Lately I’ve noticed that I’ve been overwhelmingly fatigued. I will lay in bed with my alarm blaring at an ungodly volume and I will simply groan and string a line of highly toxic expletives to whatever deity I feel like cursing at the time. It’s not a matter of being tired. I’ve written about this before, (see Staring Defeat In The Eyes). In that post I say “It’s not any matter of a broken limb or muscle but rather a broken mind.” Now, my mind is not broken in the sense that you are thinking; I am not mentally ill, rather, I am mentally irregular. Then again aren’t we all to some degree? Normal people (well – normal enough), normal jobs, normal friends, normal lives, essentially, and yet we all hold so many variables. We all have demons, or problems, plaguing us.

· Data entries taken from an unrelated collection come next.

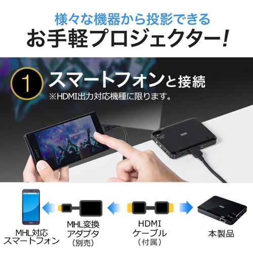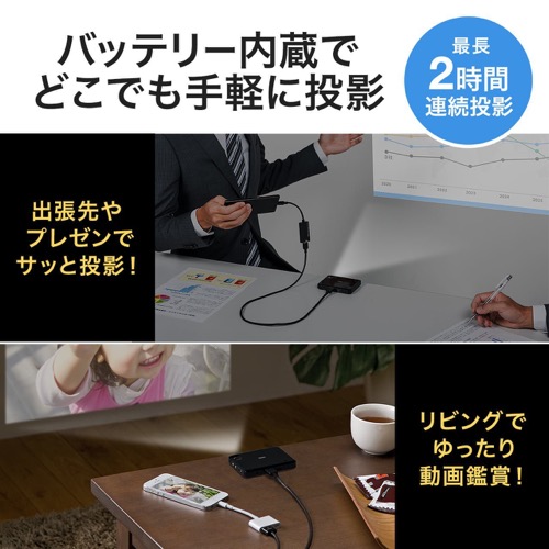 「400-PRJ023」は、手のひらサイズで持ち運びしやすいモバイルプロジェクターです。
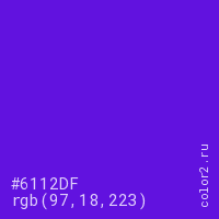 Цвет #6112DF в цветовой модели RGB обозначается тремя октетами (97, 18, 223) в десятичном формате и #6112DF в шестнадцатиричном (hex) формате, которые являются интенсивностью красного 97 (hex 61), интенсивность зелёного 18 (hex 12) и интенсивность синего 223 (hex DF).
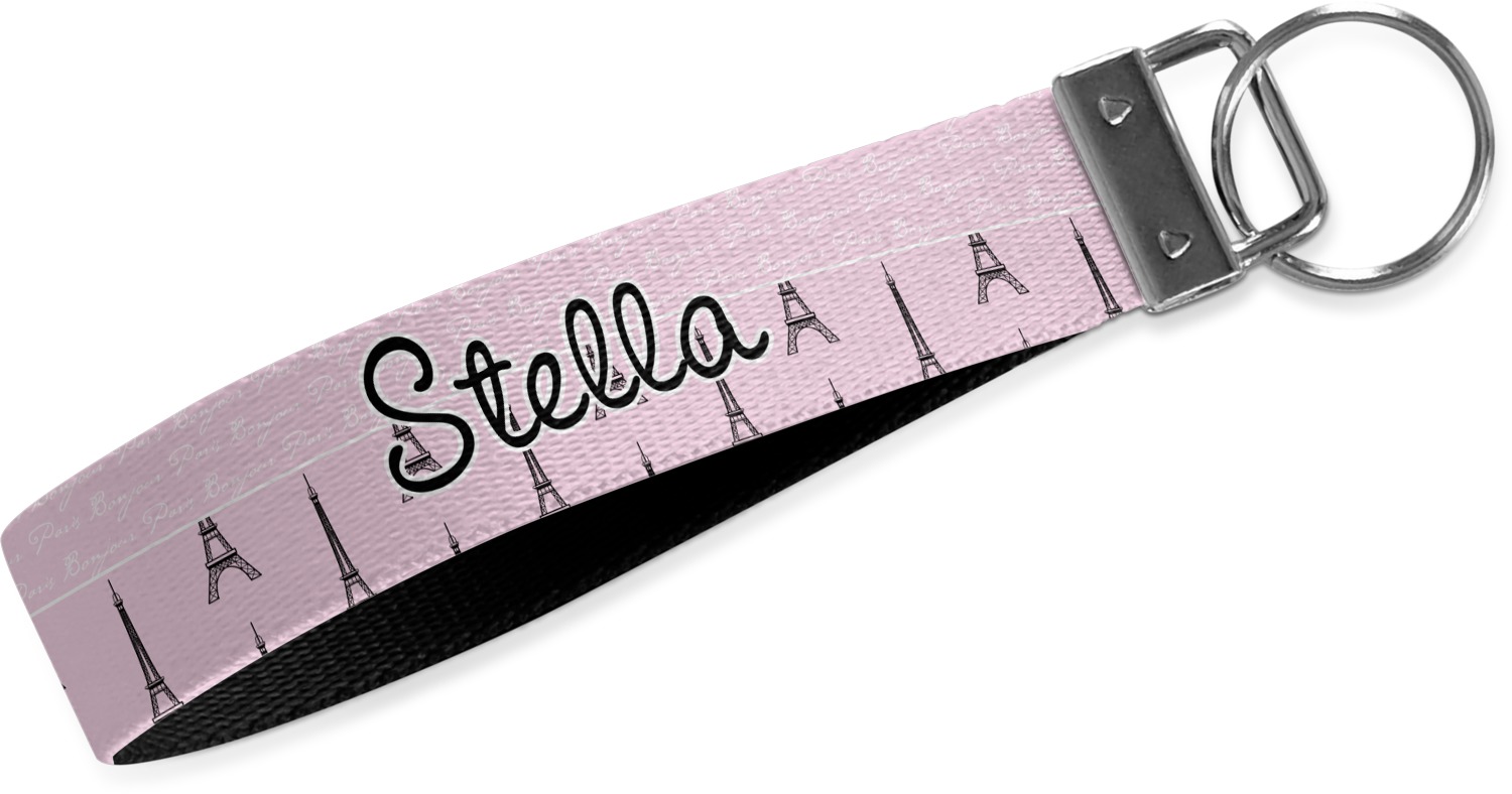 These key fob keychains are made from a polyester weave, right here in the USA. They feature a silver, metal clasp, attached to a round keyring. The piece gives the personalized wristlet a beautiful, finished look. Your customized design is printed on the outside of the keychain strap. We carry these wristlets in two sizes: small, which is 5 inches in width, and large, which is 5.5 inches in width.

But it’s how we deal with these problems that, in the end, defines us as who we are as human beings. I’m not going to lie to you, based on the actions of this last weekend I’m a pretty shitty person. A lot of time spent doing nothing because I was “too tired” and so essential work was not finished and now I am behind. Granted, I had a lot on my plate this weekend, but the statement still stands. Now, it is not easy in the moment to do the “right thing to do.” As a self-improvement blogger I can sit here and tell you generic methods of improving yourself all day long and not bat an eye. Views and likes would flow in but that would be it. I wouldn’t actually be helping anyone which is the entire purpose of a self-improvement blog in the first place. “Do the right thing,” “Wake up with a smile on your face,” “Be a good person and things will get better!” “Insert generic motivational comment here!”

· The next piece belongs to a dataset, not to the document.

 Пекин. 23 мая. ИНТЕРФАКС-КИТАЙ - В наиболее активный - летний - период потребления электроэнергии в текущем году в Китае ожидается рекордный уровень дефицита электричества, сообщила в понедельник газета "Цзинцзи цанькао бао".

But seriously let’s stop the bullshit for a second and think. Becoming a better person isn’t about “waking up with a smile on your face” or whatever. It’s about the actions you take in everyday life. Actions that change your life and the lives of those around you. It’s about that empty Starbucks cup that you could have picked up on the side of the road, or the door you could have held for that man behind you with the vacant expression on his face, or even on a simpler level, the amount of animosity you are spewing through your mind.

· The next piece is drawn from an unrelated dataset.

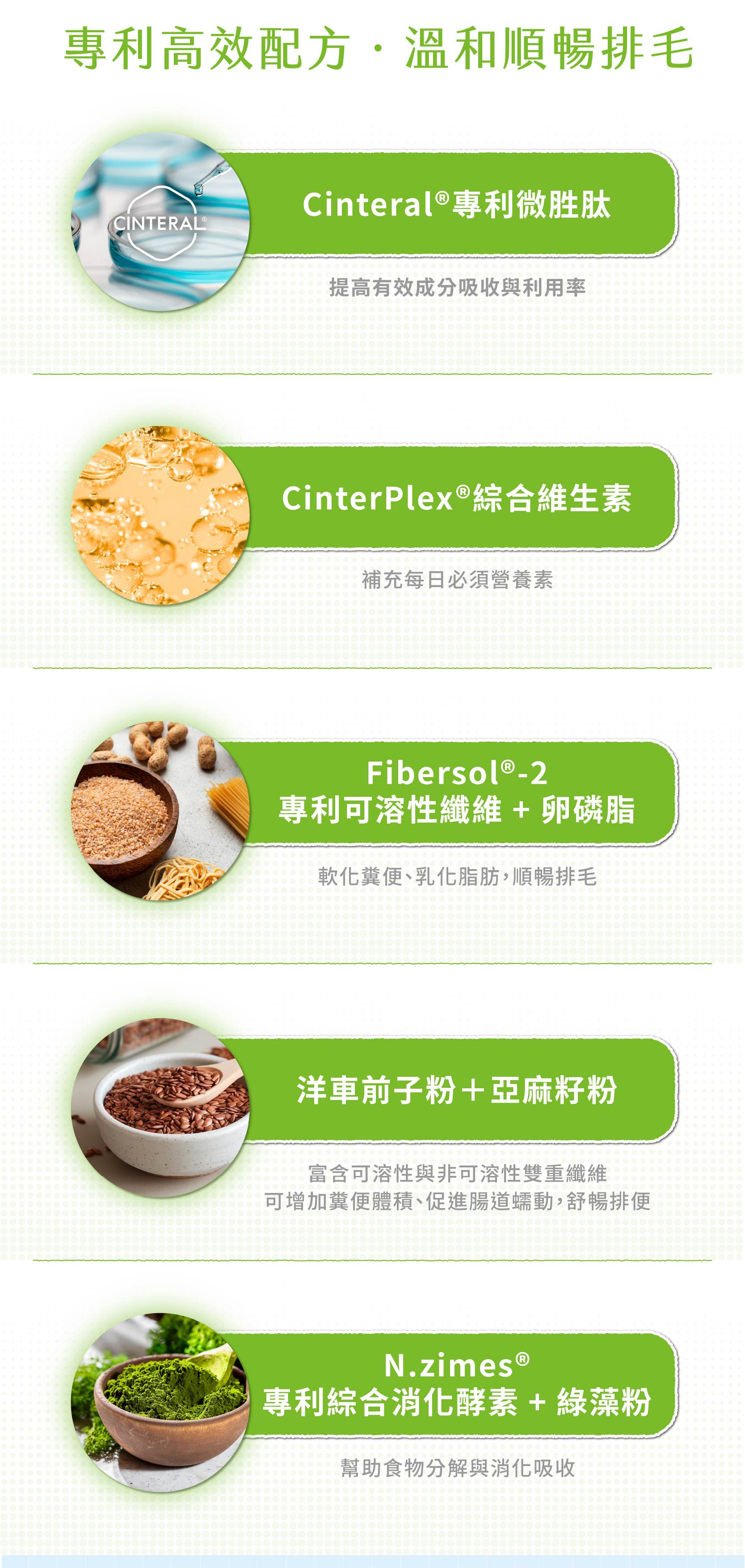 CinterPlex®綜合維生素、Cinteral®專利微胜肽、洋車前子粉、N.zimes® 專利基礎綜合消化酵素、Fibersol®-2專利可溶性纖維、卵磷脂粉、綠藻粉、亞麻籽粉

It’s like road rage. Look, I’m as guilty as the next guy for waving derogatory gestures around like a one-winged seagull. I’ve had my share of rage. But what’s remarkable about your thoughts and your actions is that you can control them. Now you’re probably thinking “David that’s stupid, if I think someone is dumb as a bag of bricks how can I stop from thinking that?” Well I’ll throw out that fishing rod with the word honesty on the end and tell you that you probably can’t. At least not in the way you are thinking. If you can curb your thoughts that well I give you props, but for the rest of us how do we solve this conundrum? Well it’s pretty simple actually; thoughts are patterns. Nothing more, nothing less. They are patterns that are formed over a lifetime of thinking a certain way. So when you look at someone and go “god they’re stupid” over and over in your head it is because that is the way you have conditioned yourself.
I’m here to tell you that you need to change that.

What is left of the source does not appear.